During the heat treatment of the grains of this abrasive at a temperature of approx. 1100 ° G, oxidation of the titanium carbide and nitride present in the abrasive takes place, which is accompanied by a change in their volume, as a result the strength of the abrasive grains decreases. Abrasives obtained with the addition of chromium oxide contain chromium inclusions in metal form, which deteriorate the grinding properties of the tools made from these abrasives, i.e. increase the likelihood of traces of fire occurring during metal processing (grinding). Vanadium was practically not used as an additive in abrasives due to its scarcity and high price,

An abrasive is known which contains corundum crystals and baddeleyite crystals (zirconium oxide). In this material, the corundum crystals with a size of 10 to 70 micrometers are connected to each other by a fine crystalline corundum baddeleyite eutectic with a crystal size of 1 to 5 micrometers (AP Garshin and others, “Abrazivnye materialy”, 1983, Mashinostroenie (Leningrad), Pp. 126 to 131).
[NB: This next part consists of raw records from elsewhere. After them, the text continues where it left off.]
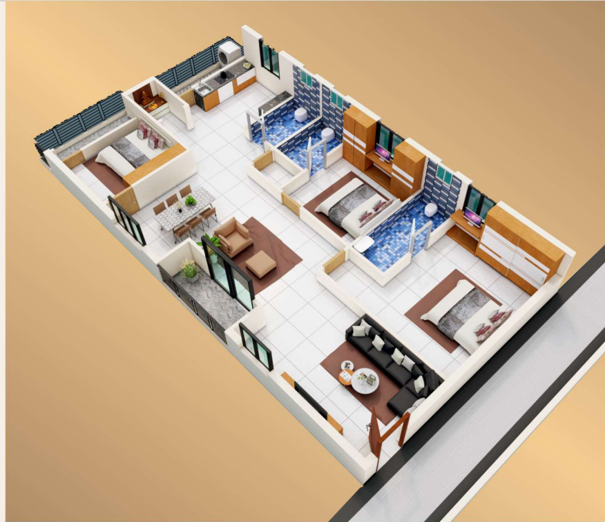
F NO. 01 - 1820 SFT - 3 BHK - EAST
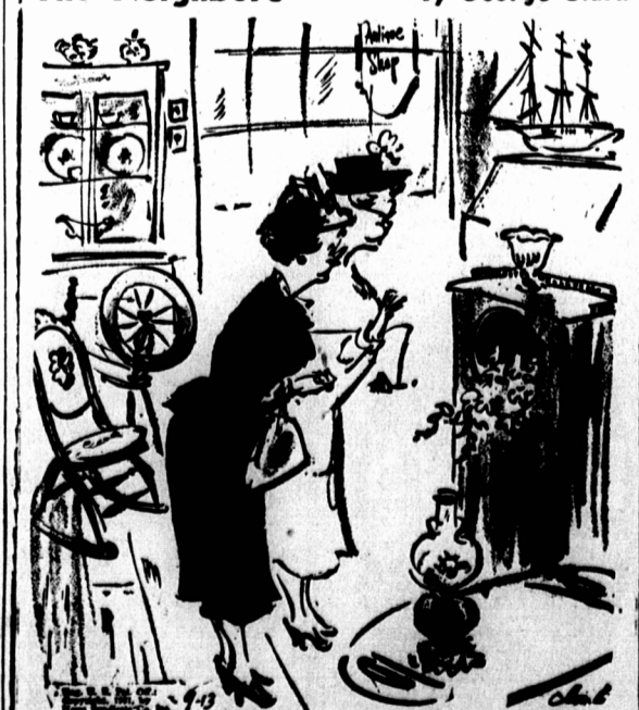
"How charming—it's made from an antique television set."
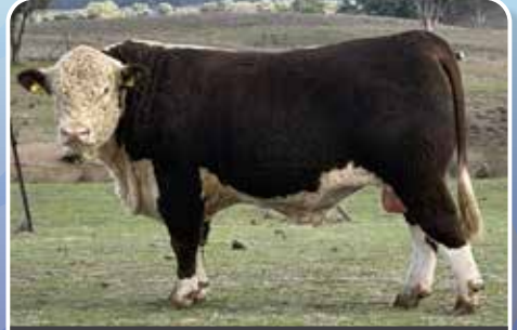
LOT 22 COTTAGE LOGAN V017
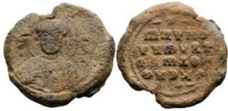
744 Byzantine Lead Seal (9.41g 24.5mm diameter)
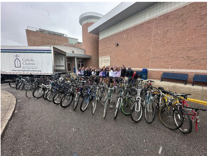
Notre Dame Academy

Are you ready to dust off that bike hanging in your garage and be the next link in this chain of generosity? Help us meet our 2024 goal to distribute four hundred bikes! Please visit www.covingtoncharities.org to learn more. To donate a bike, reach out to the Pickett's Corner team at pickettscorner23@gmail.com . Let's keep the wheels turning for those in need!
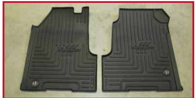
Figure 8 - Kit 103086 Contents

The strength of the abrasive grains obtained from such an abrasive is greater than in the previous analog solutions, which is primarily due to the presence of the Corundum-Badde-leyit eutectic.
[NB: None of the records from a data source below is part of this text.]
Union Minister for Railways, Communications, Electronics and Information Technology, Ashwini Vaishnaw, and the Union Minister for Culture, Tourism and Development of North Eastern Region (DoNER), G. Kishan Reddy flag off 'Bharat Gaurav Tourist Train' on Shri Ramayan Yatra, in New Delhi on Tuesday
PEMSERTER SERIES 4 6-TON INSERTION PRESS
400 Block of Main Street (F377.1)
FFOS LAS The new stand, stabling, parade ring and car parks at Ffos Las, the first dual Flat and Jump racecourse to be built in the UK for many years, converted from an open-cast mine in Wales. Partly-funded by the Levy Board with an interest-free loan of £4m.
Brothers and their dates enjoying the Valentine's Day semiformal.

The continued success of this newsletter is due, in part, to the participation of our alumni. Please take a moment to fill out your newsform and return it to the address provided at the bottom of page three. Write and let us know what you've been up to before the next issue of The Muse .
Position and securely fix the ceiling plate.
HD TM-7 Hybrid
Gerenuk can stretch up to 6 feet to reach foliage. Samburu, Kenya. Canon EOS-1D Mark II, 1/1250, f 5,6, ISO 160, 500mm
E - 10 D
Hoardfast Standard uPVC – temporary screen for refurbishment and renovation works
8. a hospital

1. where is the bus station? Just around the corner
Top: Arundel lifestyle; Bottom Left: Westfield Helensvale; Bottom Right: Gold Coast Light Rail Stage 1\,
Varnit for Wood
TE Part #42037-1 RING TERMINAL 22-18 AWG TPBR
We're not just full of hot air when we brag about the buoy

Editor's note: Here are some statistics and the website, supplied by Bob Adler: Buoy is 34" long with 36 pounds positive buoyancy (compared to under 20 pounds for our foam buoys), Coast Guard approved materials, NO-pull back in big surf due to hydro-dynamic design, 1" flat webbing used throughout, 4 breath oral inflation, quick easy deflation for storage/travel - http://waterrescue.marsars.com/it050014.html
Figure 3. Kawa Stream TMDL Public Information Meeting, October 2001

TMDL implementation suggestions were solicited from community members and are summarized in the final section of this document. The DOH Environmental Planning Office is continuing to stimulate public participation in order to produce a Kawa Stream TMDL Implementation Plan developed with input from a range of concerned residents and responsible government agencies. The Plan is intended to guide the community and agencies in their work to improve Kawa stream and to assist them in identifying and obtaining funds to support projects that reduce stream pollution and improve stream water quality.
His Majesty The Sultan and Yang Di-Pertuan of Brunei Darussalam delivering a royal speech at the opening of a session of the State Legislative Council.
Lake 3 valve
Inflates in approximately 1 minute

However, since the hardness of baddeleyite is less than the hardness of corundum, the abrasiveness of the abrasive grains is inadequate.
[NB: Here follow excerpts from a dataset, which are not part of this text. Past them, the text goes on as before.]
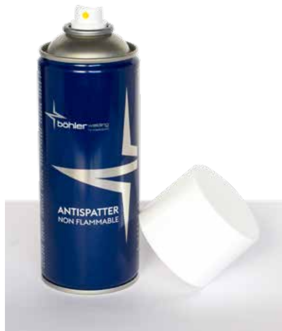
BÖHLER Anti Spatter Spray 12 x 400 ml cans in 1 carton
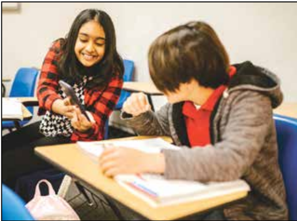
Excessive smartphone use among youth is linked to increased anxiety, depression, and other mental health issues.

Excessive smartphone use among youth is linked to increased anxiety, depression, and other mental health issues. A recent Pew Research Center survey found that 72% of high school and 33% of middle school teachers report
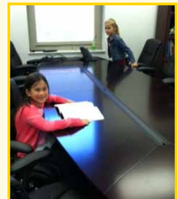
New Conference Room
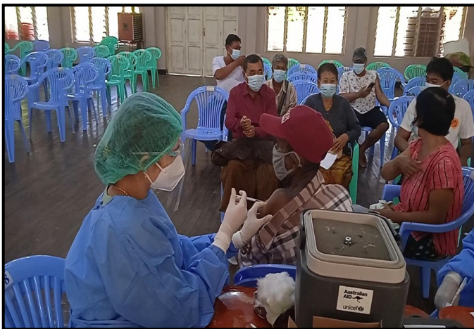
Local people vaccinated against COVID-19 in Mon state
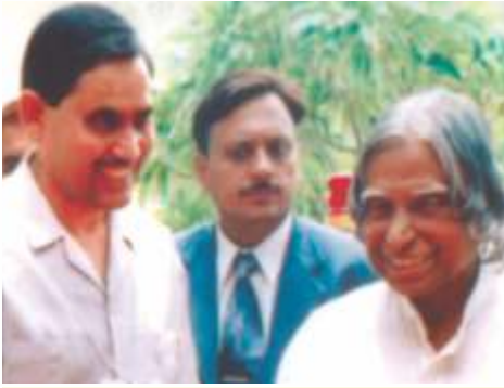
Dr. A.P.J. Abdul Kalam Hon'ble President of India
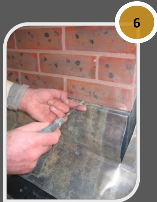
Fix lead in place with domed-head screws
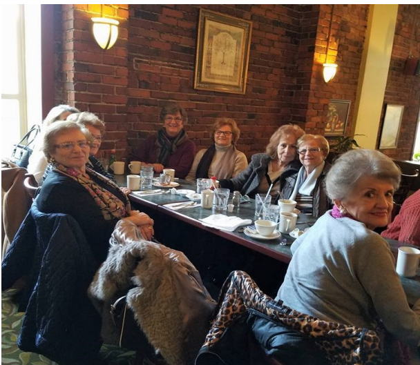
From February Yiayia & Friends' Luncheon at Costas on the Ave. restaurant.
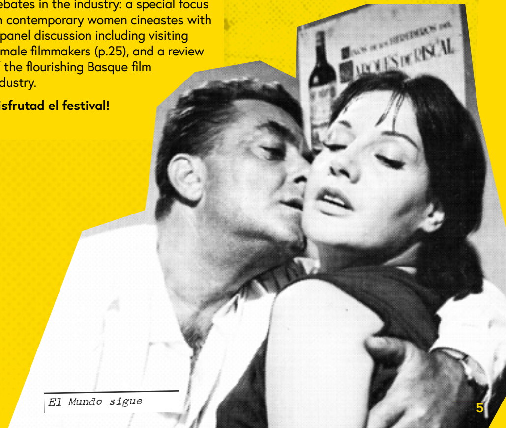
El Mundo sigue
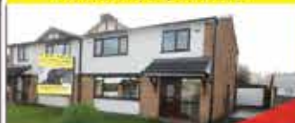
Howard Road, Culcheth

We provide a fresh approach to selling houses.
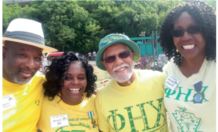
Taste of New Orleans

Theta Eta Chapter volunteered to manage the First Aid Stations for Taste of New Orleans April 20-22, 2018, a 3-day festival sponsored by the San Antonio Zulu Association/SAZA Commission Inc. The organization reaches out to the community by providing youth the opportunity to further their education through scholarships.

In addition, the presence of baddeleyite in the abrasive allows the use of this abrasive only for the manufacture of abrasive tools with an organic bond, since at the temperature of 1100 ° C (temperature of the heat treatment during the manufacture of the abrasive tool) the zirconium oxide undergoes modification conversions that result in significant volume changes are accompanied, as a result the strength of the abrasive grains even decreases until they are destroyed. Another disadvantage of this abrasive is its scarcity and high price due to the presence of zirconia in the abrasive.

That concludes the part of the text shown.